I'm dealing with the same issue where Notepad seems to add the BOM to the beginning of UTF-8 files. I've tried deleting it using all these commands, none of which works:
s/chr(0xEFBBBF)//; #remove Byte Order Mark
s/\x{EFBBBF}//;
s/^chr(0xFEFF)//;
s/^\x{FEFF}//;
Another clue: When I was using Strawberry Perl, I was able to use \x{064E} to refer to an Arabic vowel marker, and that worked. But now I'm using ActiveState, and that no longer works.

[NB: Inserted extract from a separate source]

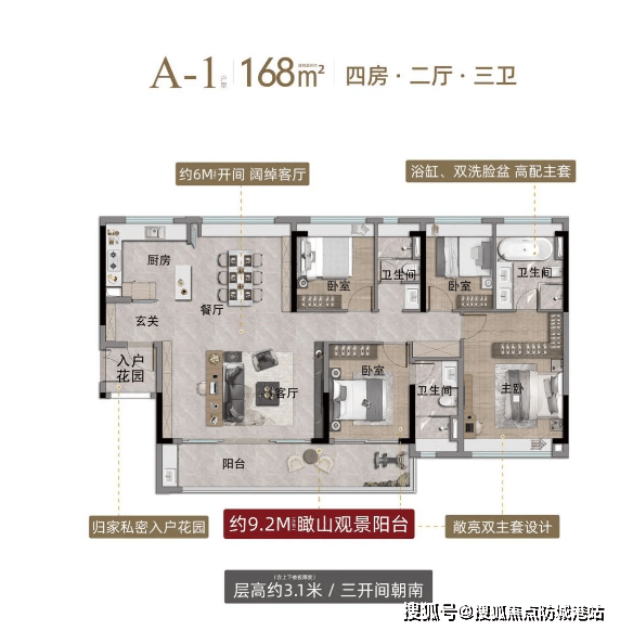 3. 建面约168㎡四房两厅三卫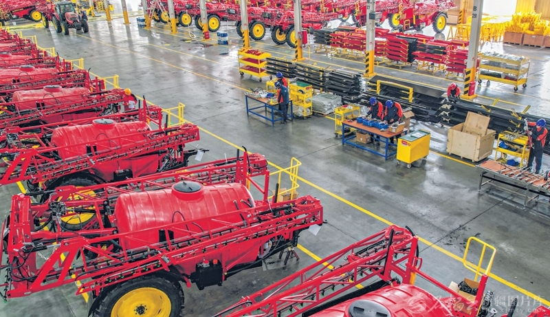 2月25日,位于烏蘇市的新疆缽施然智能農(nóng)機(jī)股份有限公司生產(chǎn)車間里機(jī)器轟鳴,工人們各司其職全力趕農(nóng)機(jī)訂單。李仁錫攝

But I haven't been able to reference the BOM using either Strawberry or Active State. So I'm wondering if there's some sort of package I need to reference in order to make Perl recognize the \x{NNNN} format. Any suggestions?
Thanks,
| [reply] |
The last one is the correct one. It will remove the BOM after it's been decoded.
| [reply] |
I'm trying my best to understand this thread, but I'm having difficulty.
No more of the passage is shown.